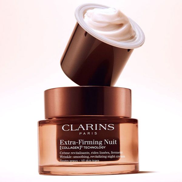 Expertiza Clarins în domeniul fermității pielii se concretizează în această formulă de noapte ce vizează refacerea rezervelor de colagen. Tehnologia exclusivă [COLLAGEN]³ îmbină polipeptida de colagen cu extractele de pecan și mitracarpus pentru a combate semnele îmbătrânirii și a crește capitalul de colagen al pielii cu până la 53%. Un element distinctiv este prezența a peste un milion de peptide de avocado care susțin procesele naturale de regenerare ale epidermei în timpul repausului nocturn. Niacinamida completează această acțiune prin îmbunătățirea texturii pielii și stimularea strălucirii naturale. Textura cremei este special creată pentru a fi bogată și reconfortantă, fără a lăsa o peliculă grasă la suprafață. Utilizarea constantă contribuie la un aspect liftat și odihnit, pregătind tenul pentru agresiunile zilnice. Această variantă refill reprezintă o alegere sustenabilă, fiind concepută pentru a fi introdusă în borcanul original Extra-Firming.
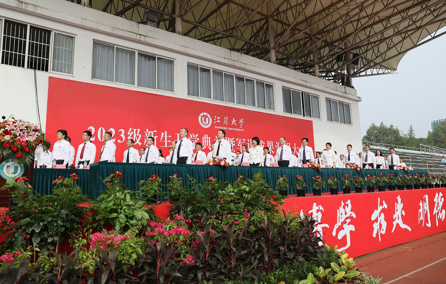 典禮上,校長邢衛(wèi)紅講話,代表學(xué)校向全體2023級(jí)新生表示熱烈歡迎,向辛勤指導(dǎo)訓(xùn)練的軍訓(xùn)教官致以崇高敬意。邢衛(wèi)紅說,江蘇大學(xué)歷史悠久、底蘊(yùn)深厚,鴻儒云集、人才輩出,特色鮮明、使命光榮,同學(xué)們?cè)谶@里求學(xué)逐夢(mèng),故事會(huì)更加精彩,將來大有可為。邢衛(wèi)紅用三句話與全體新生共勉:一是“博學(xué)”,把學(xué)習(xí)作為第一任務(wù),在博學(xué)善思中筑牢成長根基;二是“求是”,把創(chuàng)新作為第一本領(lǐng),在求是探索中增長智慧才干;三是“明德”,把人品作為最高學(xué)歷,在明德篤行中擔(dān)當(dāng)時(shí)代大任。邢衛(wèi)紅希望全體新生惜時(shí)如金、晴耕雨讀,在“博學(xué)、求是、明德”校訓(xùn)和“自強(qiáng)厚德,實(shí)干求真”江大精神指引下,創(chuàng)造更多精彩,成就美好將來。她也提出一個(gè)小希望:同學(xué)們要養(yǎng)成習(xí)慣,每天給家人報(bào)平安、與家人分享校園生活。
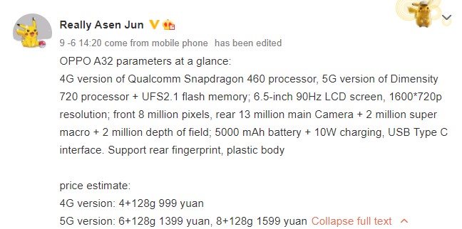 In Indonesia, the OPPO A53 arrived with pricing of IDR 2,499,000 (~$169). As can be seen in the above screenshot, the tipster has speculated the OPPO A32 could be priced at 999 Yuan (~$146), whereas its 5G version could be costing 1,399 Yuan (~$205).
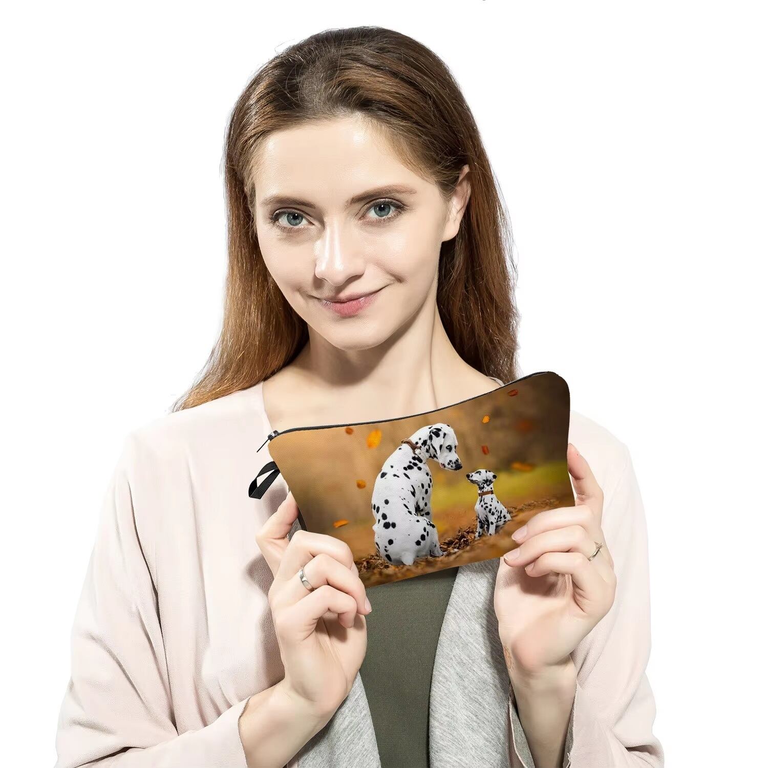 □ダルメシアン☆ポーチ♪小物入れ★プリント♪親子♪秋☆犬好き★化粧バッグ☆チャック★新品未使用品★送料無料◇

• REQUIRED WORK
Leaving the pictures aside, copy exactly and only the lines from the one holding "In Indonesia, the" through the final line of the data, both ends kept.

• ANSWER TO THE EXERCISE
 In Indonesia, the OPPO A53 arrived with pricing of IDR 2,499,000 (~$169). As can be seen in the above screenshot, the tipster has speculated the OPPO A32 could be priced at 999 Yuan (~$146), whereas its 5G version could be costing 1,399 Yuan (~$205).
 □ダルメシアン☆ポーチ♪小物入れ★プリント♪親子♪秋☆犬好き★化粧バッグ☆チャック★新品未使用品★送料無料◇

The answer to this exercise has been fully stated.